After Vince and Eric leave the party, Drama and Turtle (Jerry Ferrara) move the party to Vince's hotel room. When Anthony Michael Hall urinates from the balcony, they are kicked out of the hotel. Vince and Eric finally locate Billy, convincing him to show them the cut. After watching it, they claim they love it, although in the drive home, Eric says he disliked it. When he asks Vince if he really loved the cut, Vince hesitates.

==Production==
===Development===
The episode was written by series creator Doug Ellin, and directed by co-producer Mark Mylod. This was Ellin's 29th writing credit, and Mylod's fifth directing credit.

==Reception==
===Viewers===
In its original American broadcast, "The First Cut Is the Deepest" was seen by an estimated 2.27 million household viewers with a 1.2/4 in the 18–49 demographics. This means that 1.2 percent of all households with televisions watched the episode, while 4 percent of all of those watching television at the time of the broadcast watched it. This was a slight increase in viewership from the previous episode, which was watched by an estimated 2.24 million household viewers with a 1.4/4 in the 18–49 demographics.

===Critical reviews===
"The First Cut Is the Deepest" received generally positive reviews from critics. Ahsan Haque of IGN gave the episode a "good" 7 out of 10 and wrote, "After the previous episode's phenomenal documentary format triumph, this week's outing represents a return to the classic storytelling style of the show. It's successful, and certainly entertaining, but after the precedent set in the season opener, this episode simply doesn't live up to the high bar that was set last week. Drama's neurotic approach to keeping his house clean, as well as Ari's ordeal with the exclusive private school delivered on both comedy and entertainment, but the main storyline of chasing Billy Walsh around town felt more like a stalling tactic by the writers."

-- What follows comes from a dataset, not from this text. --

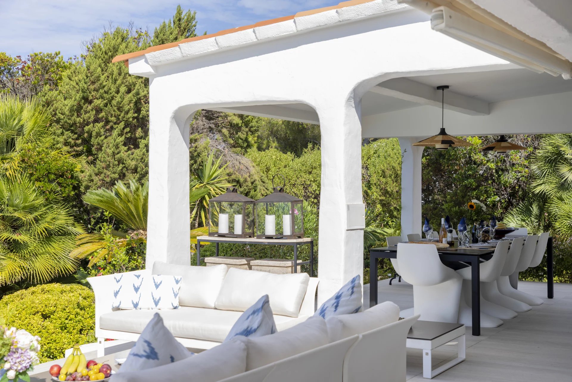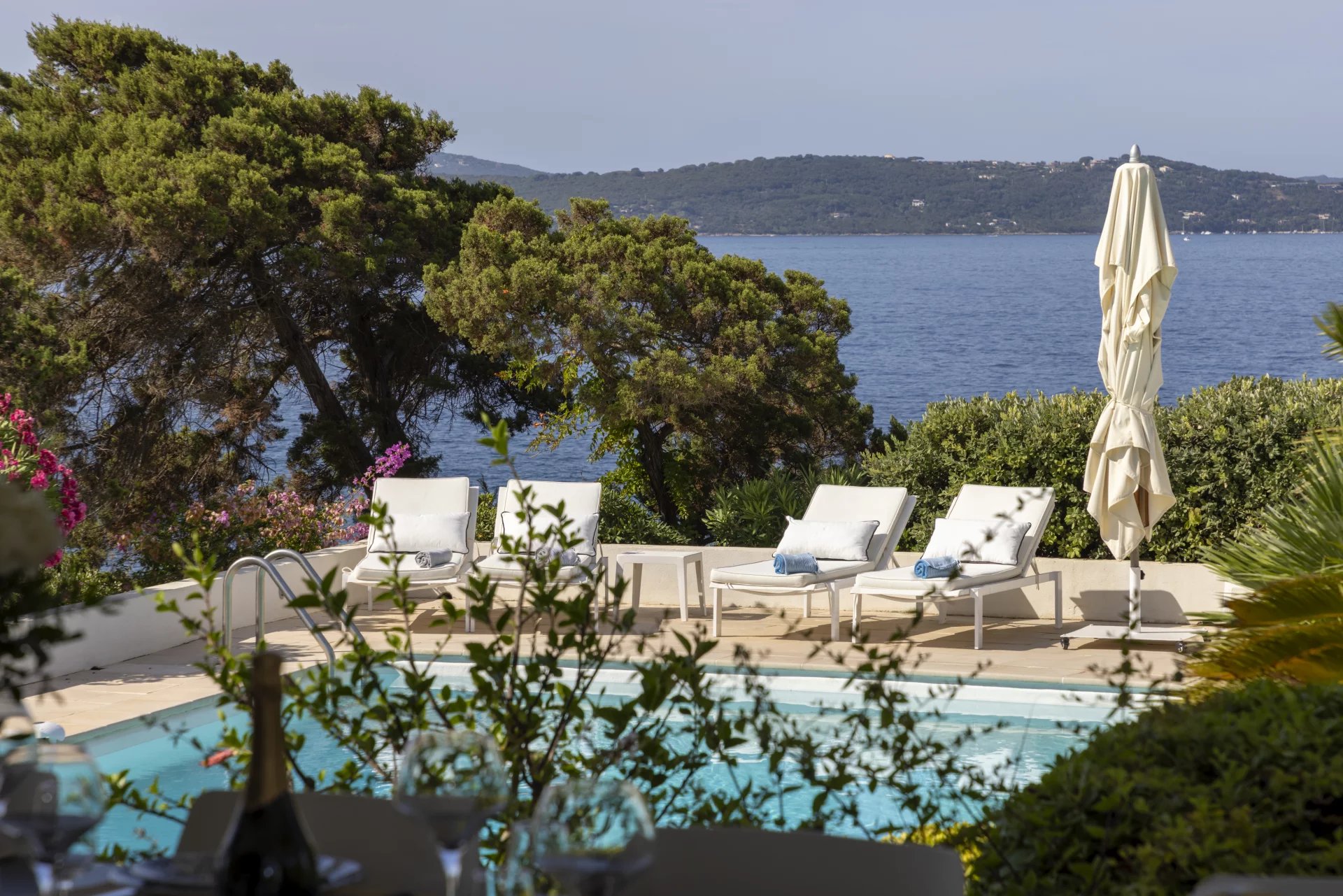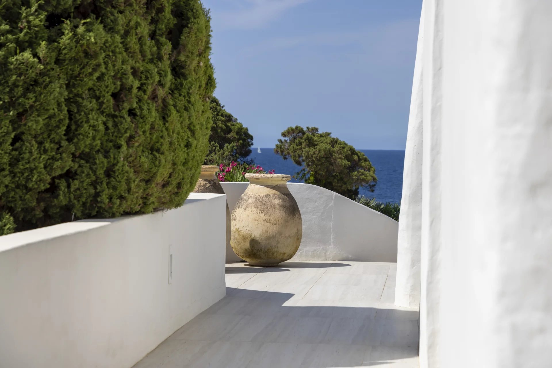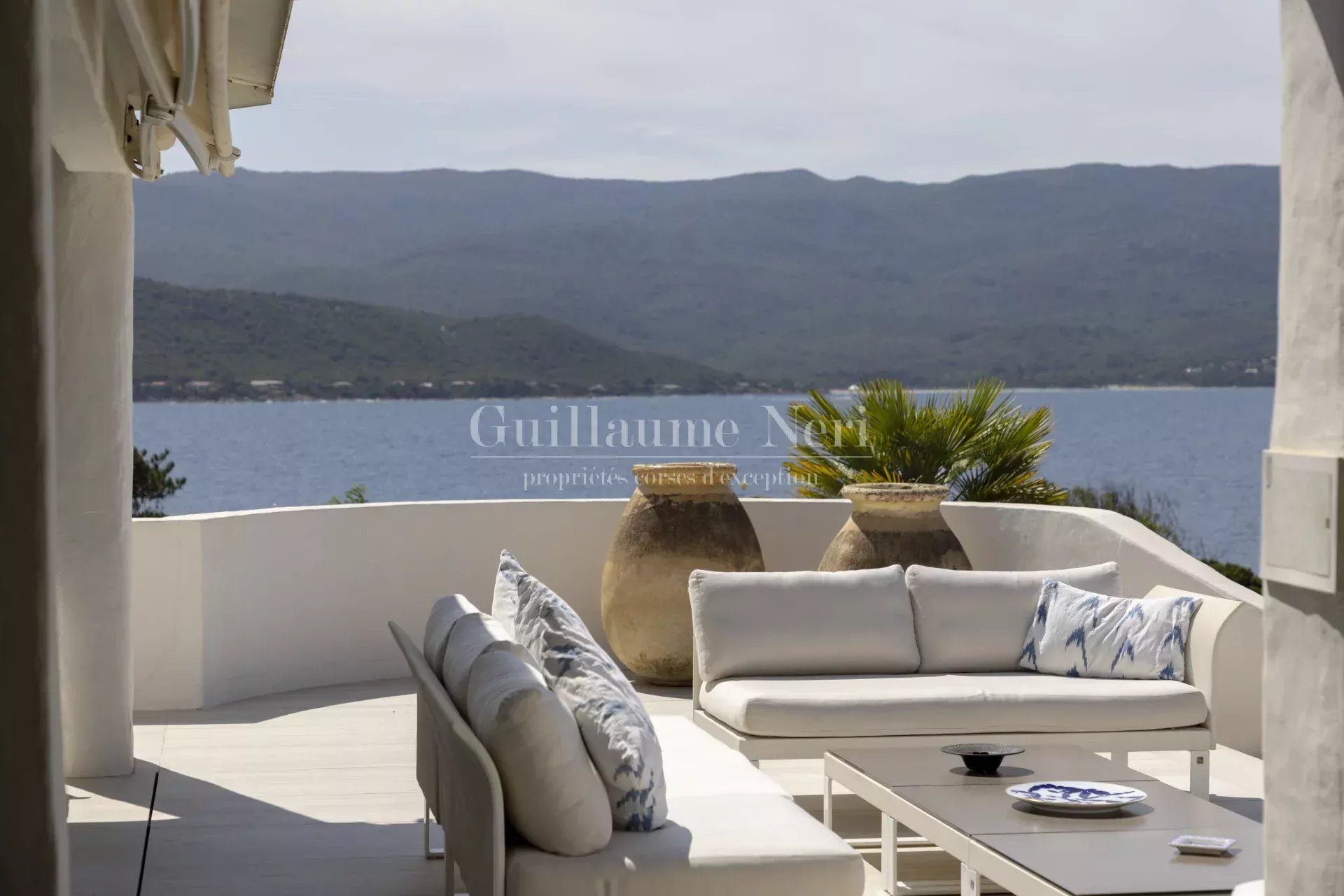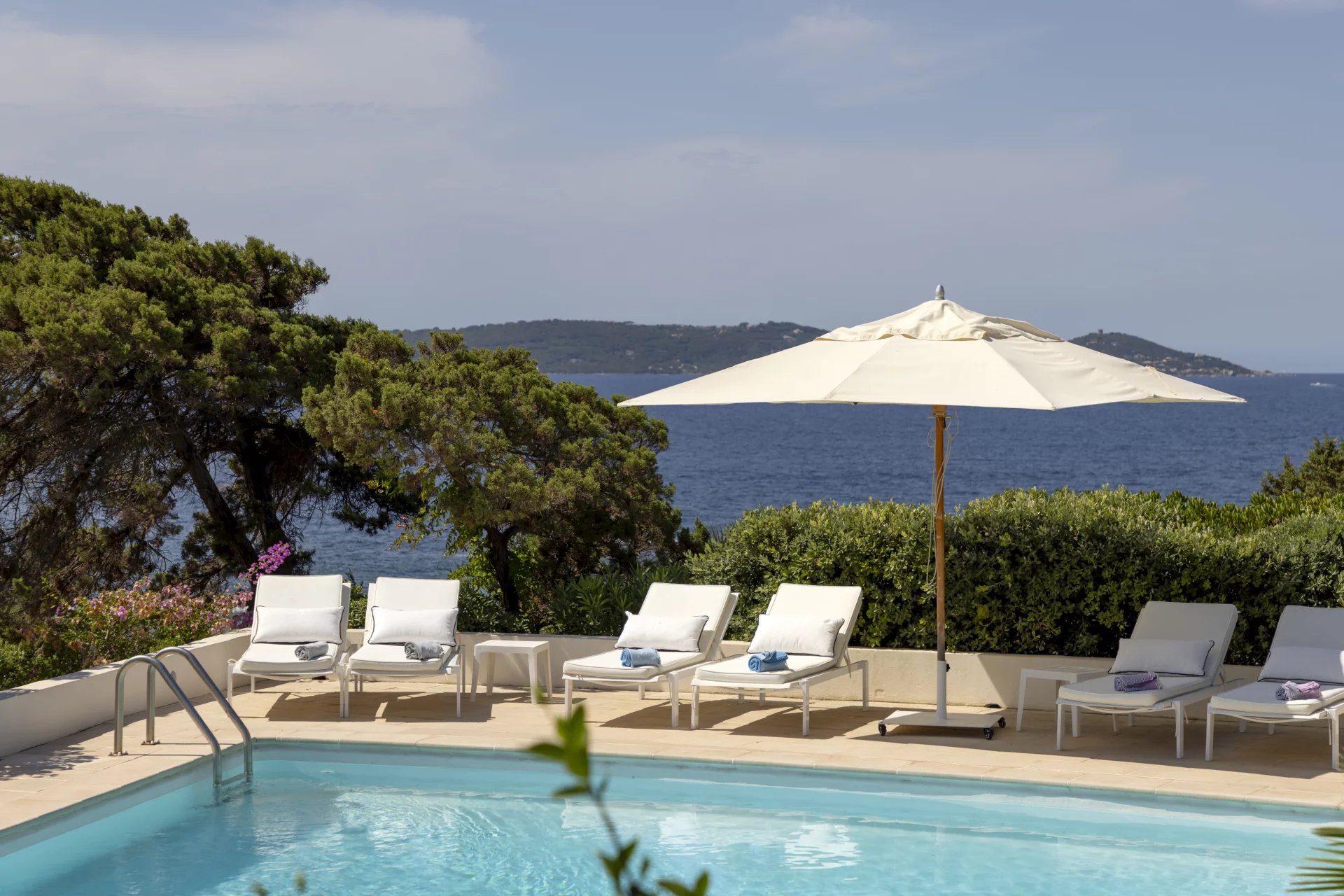 À l’extérieur, de vastes terrasses et espaces de détente surplombent la mer, la piscine et le jardin, offrant une vue imprenable et un cadre idéal pour des moments de sérénité.

Alan Sepinwall wrote, "Not really wild about the Ari subplot, which reminded me of that episode from earlier this year where his old college buddy came to visit. It was just filler, something for Piven to do early in a season that doesn't seem to have much room for Ari." Adam Sternbergh of Vulture wrote, "The enjoyment level of any given episode of Entourage is inversely proportional to how many scenes involve Turtle and Drama hanging out together. As foils to straight men E and Vince, they're funny and necessary; as fugitives from a buddy comedy strolling the aisles of Costco, they make you stab at your DVR's fast-forward." Trish Wethman of TV Guide wrote, "Frankly, I am ready to move on from this little chapter in Vince's career. Hopefully Medellin will prove to be a huge success, but in the meantime it seems that Vince is going to get the chance to explore the inner life of a broke, unemployed actor. I guess that could be considered Method, right?"

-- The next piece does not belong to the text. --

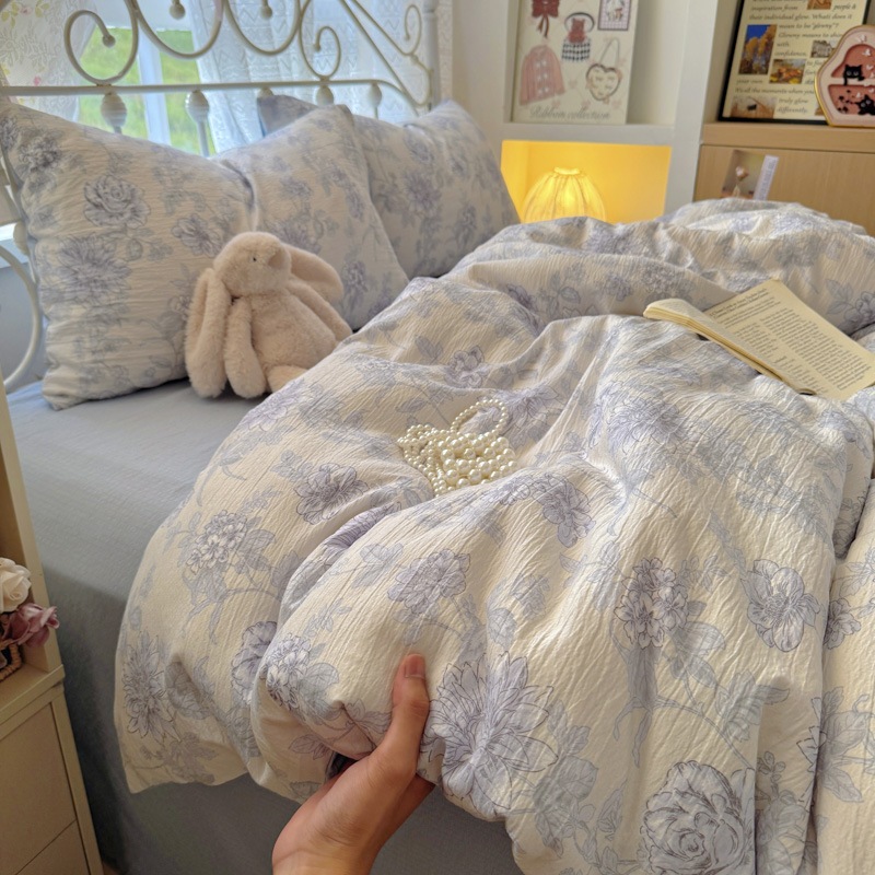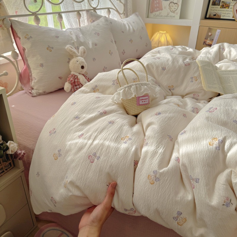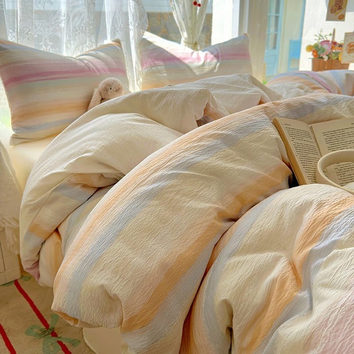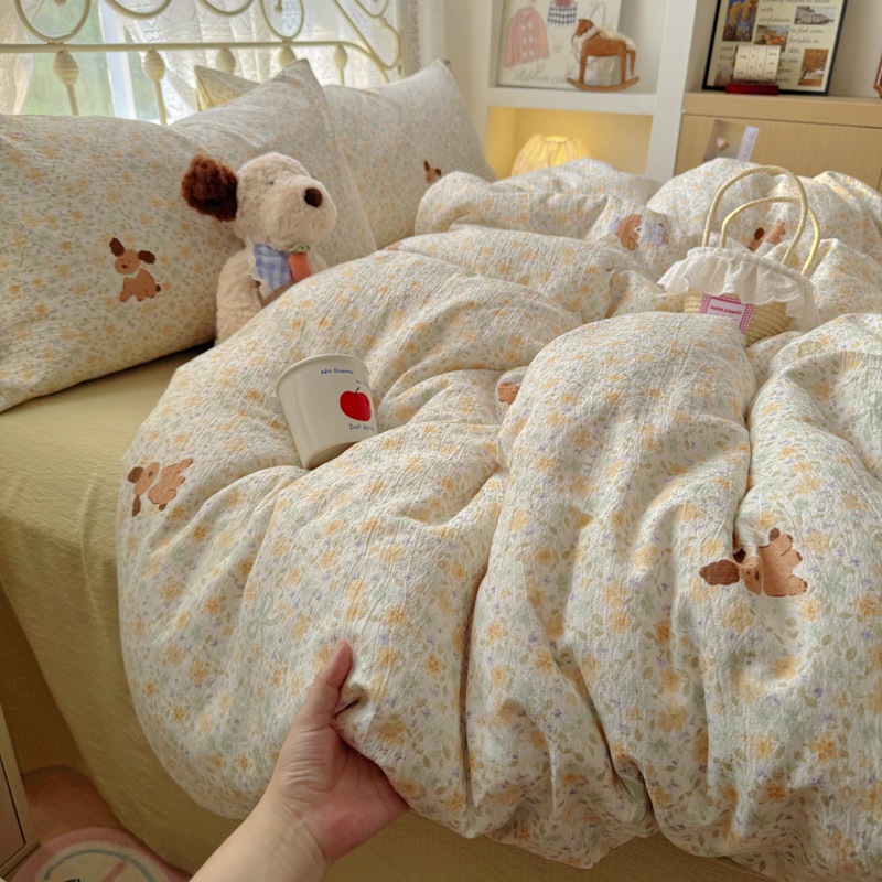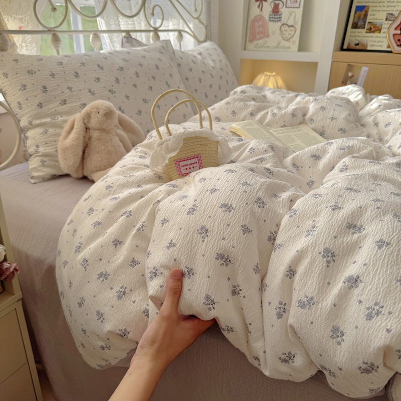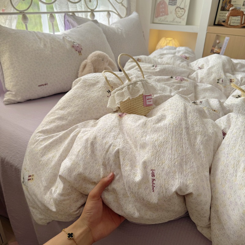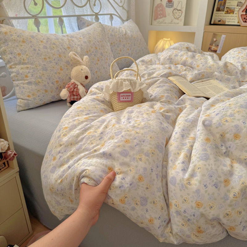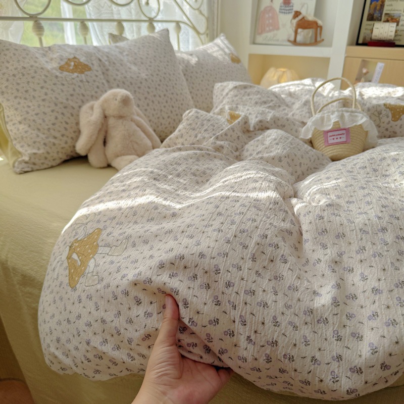 a類 ベビーグレード 純綿 4点セット 小清新 素肌に優しい コットン100% カバー ボックスシーツ 寮 シーツ 3点

Chris Shonberger of Entertainment Weekly wrote, "After last week's unexpected making of doc, The First Cut Is the Deepest felt like the real season 4 premiere. Granted, any of the last nine episodes would have worked equally well as a season opener, but this one definitely had all the trappings of a classic Entourage premiere." Jonathan Toomey of TV Squad wrote, "This show continues to impress me. After last week's stellar "documentary" episode, we returned to the regular format but still maintained this ridiculously entertaining blend of humor and drama that the show has achieved. It was good to begin with and now it's even better."